System Setup and Simulation Protocols
Simulations of the alanine dipeptide and chignolin were performed using the AMBER ff99SB force field parameter set40–43. The LEaP module in the AmberTools package40–43 were used to build the simulation systems. For the DBMD simulations in explicit solvent, alanine dipeptide was solvated in a TIP3P44 water box that extended ∼8 Å from the solute surface. The unfolded chignolin with a sequence of 10 residues (GYDPETGTWG)45 was solvated in a TIP3P44 water box that extended ∼10 Å from the solute surface. The final system for alanine dipeptide in explicit solvent, alanine dipeptide in implicit solvent, and chignolin in explicit solvent contained 1912, 22, and 6773 atoms, respectively.
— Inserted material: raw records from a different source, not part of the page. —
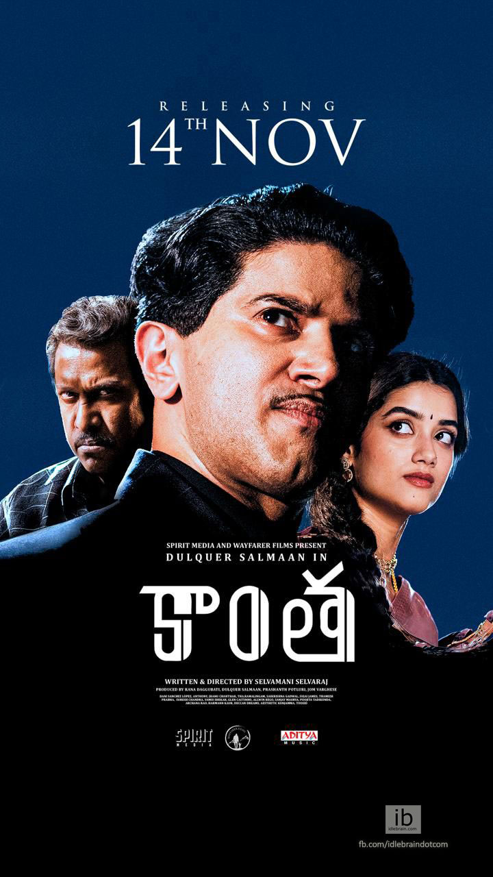 Extending Diwali wishes, the makers came up with an update regarding the film’s release date. Kaantha will hit the big screens in less than a month on November 14th. The release date poster has a dramatic, and slightly vintage feel, with serious expressions from the main leads- Dulquer Salmaan, Samuthirakani, and Bhagyashri Borse.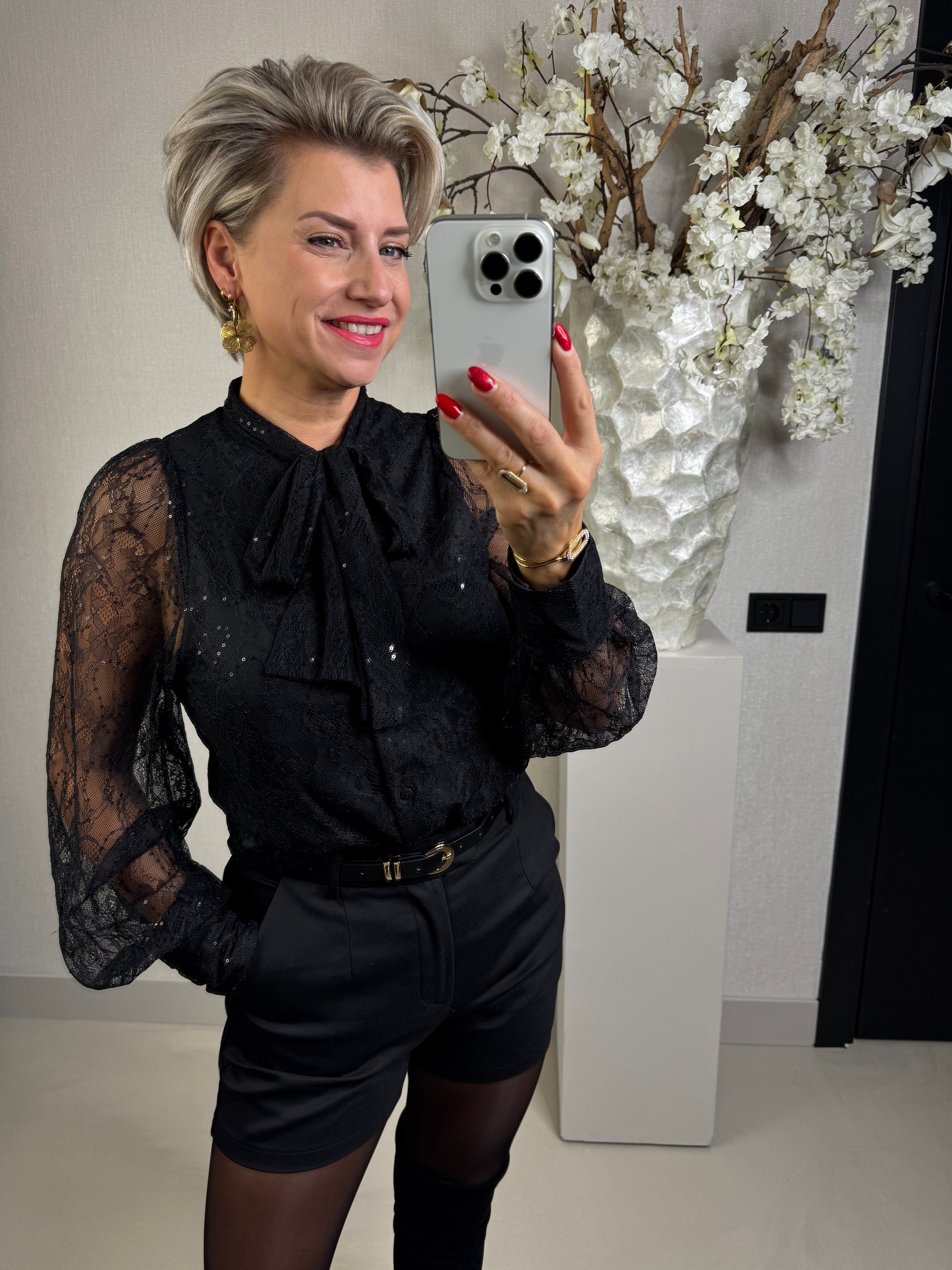 Deze prachtige blouse is gemaakt van kant met subtiele glitterdetails die een luxe uitstraling geven. De transparante mouwen zorgen voor een vrouwelijke, elegante look, terwijl de strik bij de hals een stijlvolle en tijdloze touch geeft, valt normaal op maat en is verkrijgbaar in de maten S, M en L Annelies draagt hier de maat S
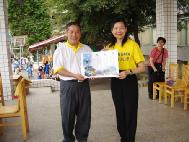 小朋友认真学习《洪吟》诗句 |  校方颁发锦旗给法轮功学员 |  法轮功学员回赠校方真善忍海报 |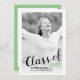 Modern Class of 2023 script  sage green border photo invitation/announcement. It features a photo of the graduate and the text "Class of 2023 in black and sage green.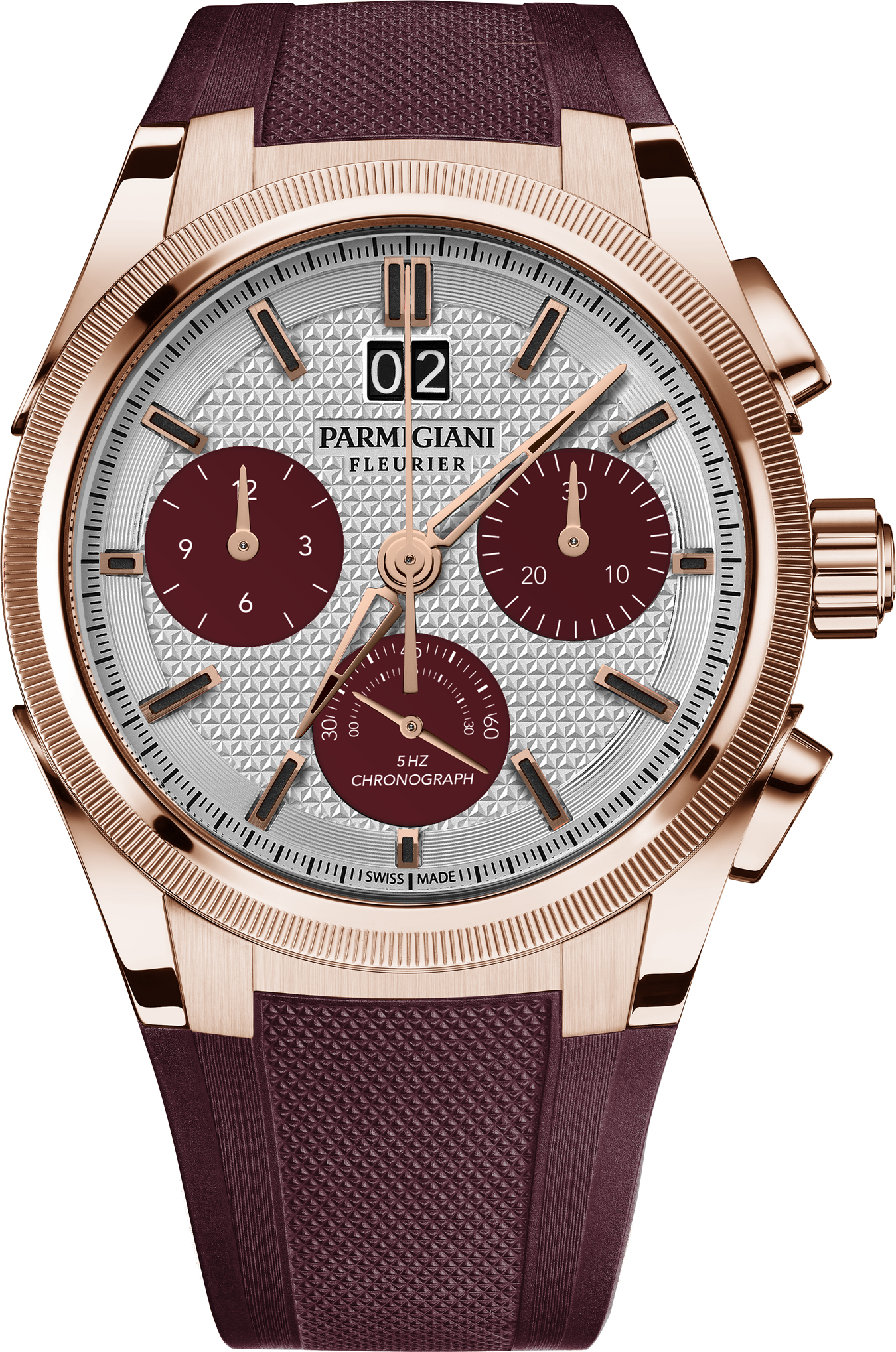The same "Quantum Grey" and "Granata" colour scheme between the counters and the rubber strap also applies to the Tonda GT Chronograph in stainless steel featuring an annual calendar, with a knurled bezel framing the silver-toned guilloché dial in a "triangular hobnail" pattern. This 42 mm diameter chronograph is water-resistant to 100 m and features modern lines with subdials in one or the other of the colours, classically arranged along the 3 o'clock to 9 o'clock axis and topped by the double date window at 12 o'clock. It is equipped with an in-house self-winding chronograph calibre operating at a frequency of 4 Hertz (28,800 vibrations per hour).

Simulations of the hairpin RNAs with the GCAA, GAAA, and UUCG tetraloops were carried out using the AMBER Shaw force field parameter set46, starting from their unfolded states. The sequences of the hairpin RNAs with GCAA, GAAA, and UUCG tetraloops were GGGCGCAAGCCU (12 nucleotides)47, CGGGGAAACUUG (12 nucleotides)48, and GGCACUUCGGUGCC (14 nucleotides)49, respectively. The final systems of the hairpin RNAs with GCAA, GAAA, and UUCG tetraloops in implicit solvent contained 389, 390, and 447 atoms, respectively. All simulations were carried out at 300K temperature.
For the explicit-solvent simulations, periodic boundary conditions were applied, and bonds containing hydrogen atoms were restrained with the SHAKE50 algorithm. Weak coupling to an external temperature and pressure bath was necessary to control both temperature and pressure51. The electrostatic interactions were calculated using the particle mesh Ewald (PME) summation52 with a cutoff of 8.0-9.0 Å for long-range interactions. For the implicit-solvent simulations, the generalized Born solvent model 2 (GBn2)53 parameters were used. No nonbonded cutoff was set and no periodic boundary condition was used in the implicit-solvent simulations. The solute and solvent dielectric constants were set to 1.0 and 78.5, respectively, and the effect of a non-zero salt concentration was achieved by setting the Debye-Huckel screening parameter54 to 1.0/nm. A 2-fs timestep with the SHAKE50 algorithm applied was used in all simulations.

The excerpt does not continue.